| Exercise prompt |
Begin at the line below that holds "該客戶用過一段時間后,是這樣" and end at the line that holds "For en sikkerheds", transcribing each line exactly and skipping any picture.

| Available data |
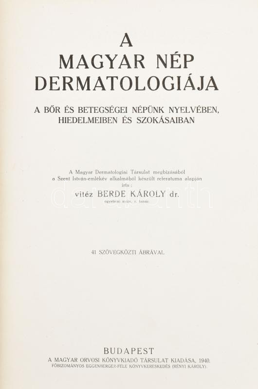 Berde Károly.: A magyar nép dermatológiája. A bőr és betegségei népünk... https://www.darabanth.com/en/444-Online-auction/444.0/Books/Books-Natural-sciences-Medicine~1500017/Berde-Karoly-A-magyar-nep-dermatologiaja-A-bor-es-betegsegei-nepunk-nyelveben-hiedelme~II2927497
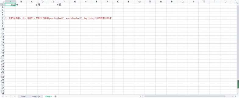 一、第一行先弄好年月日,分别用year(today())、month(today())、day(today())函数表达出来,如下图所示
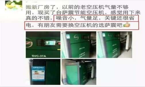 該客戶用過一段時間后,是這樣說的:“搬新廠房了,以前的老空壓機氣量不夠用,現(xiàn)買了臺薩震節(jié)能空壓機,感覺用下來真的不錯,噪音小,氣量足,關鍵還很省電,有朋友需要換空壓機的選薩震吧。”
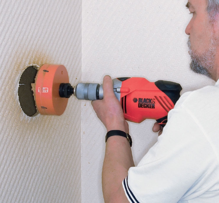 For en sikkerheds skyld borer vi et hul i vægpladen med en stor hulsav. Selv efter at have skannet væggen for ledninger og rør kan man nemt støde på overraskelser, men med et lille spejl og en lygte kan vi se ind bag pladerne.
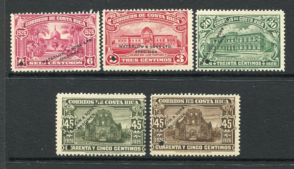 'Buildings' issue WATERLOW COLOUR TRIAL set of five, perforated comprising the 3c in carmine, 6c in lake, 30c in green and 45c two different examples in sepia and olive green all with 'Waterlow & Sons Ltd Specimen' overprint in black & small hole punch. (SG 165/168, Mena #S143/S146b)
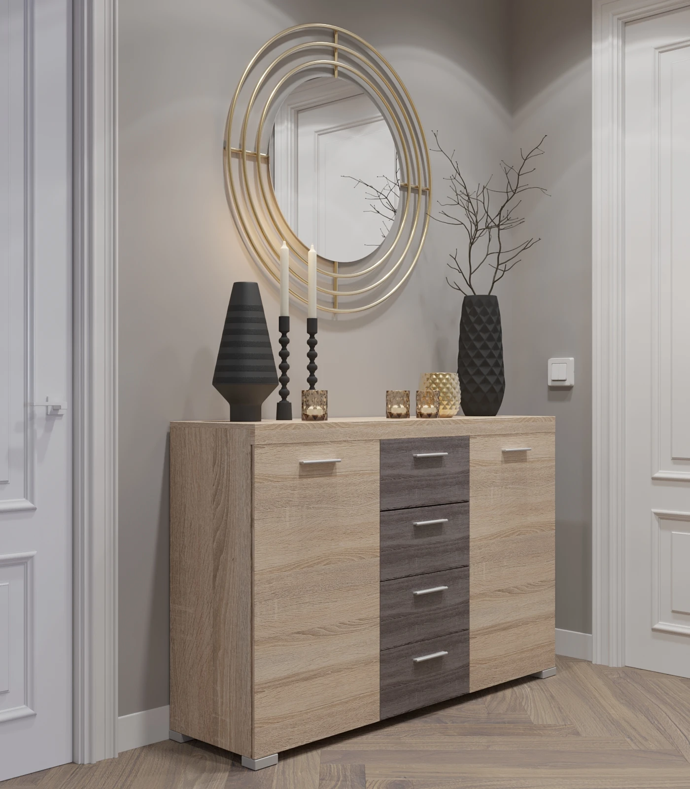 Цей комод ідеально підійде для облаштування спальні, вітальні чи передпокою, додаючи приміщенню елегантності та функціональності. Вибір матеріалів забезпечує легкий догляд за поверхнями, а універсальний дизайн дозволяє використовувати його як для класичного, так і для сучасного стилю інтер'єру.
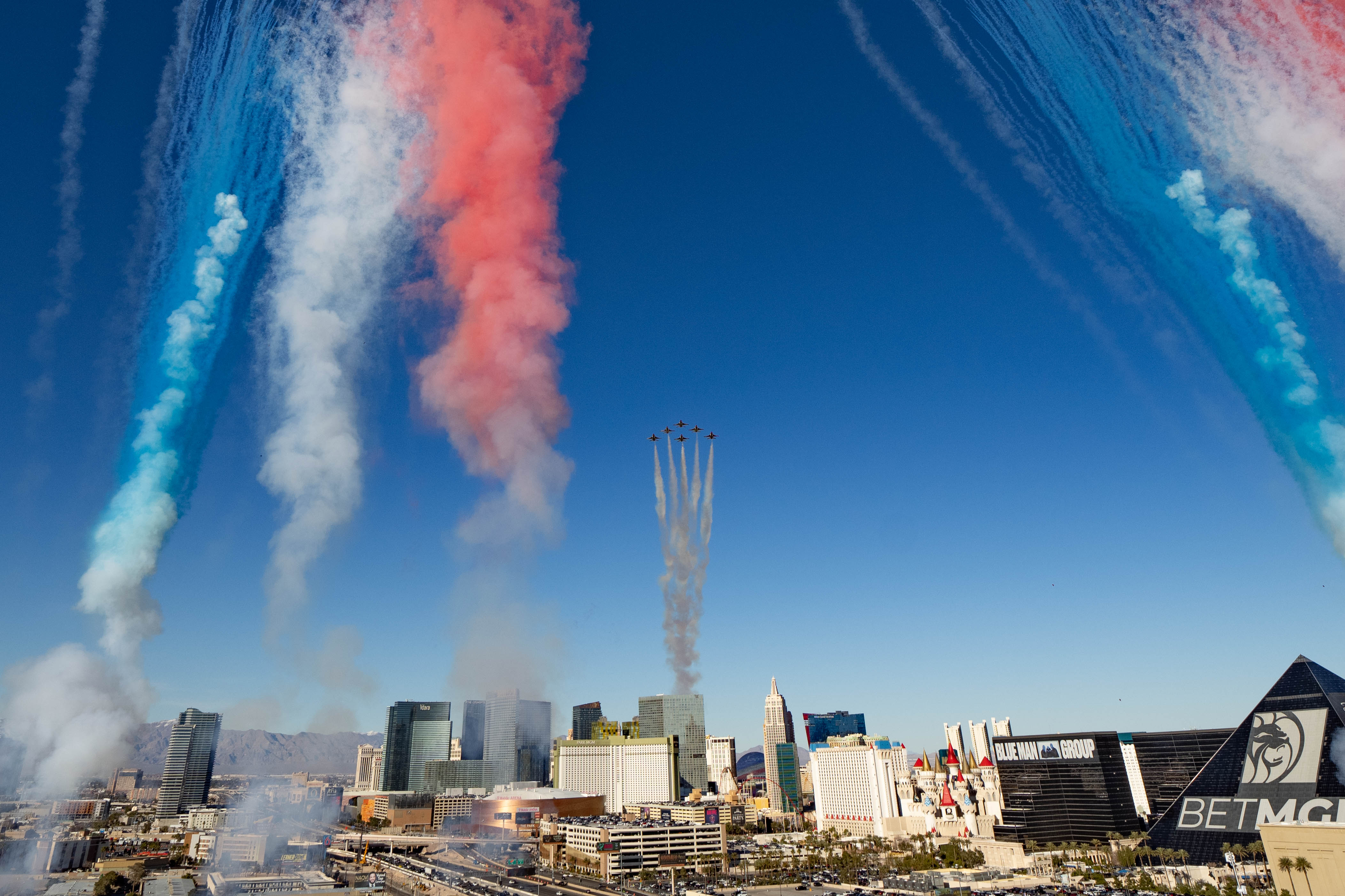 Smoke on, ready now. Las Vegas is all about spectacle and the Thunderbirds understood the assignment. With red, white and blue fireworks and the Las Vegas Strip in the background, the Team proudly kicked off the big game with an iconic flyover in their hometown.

| Problem solution |
 該客戶用過一段時間后,是這樣說的:“搬新廠房了,以前的老空壓機氣量不夠用,現(xiàn)買了臺薩震節(jié)能空壓機,感覺用下來真的不錯,噪音小,氣量足,關鍵還很省電,有朋友需要換空壓機的選薩震吧。”
 For en sikkerheds skyld borer vi et hul i vægpladen med en stor hulsav. Selv efter at have skannet væggen for ledninger og rør kan man nemt støde på overraskelser, men med et lille spejl og en lygte kan vi se ind bag pladerne.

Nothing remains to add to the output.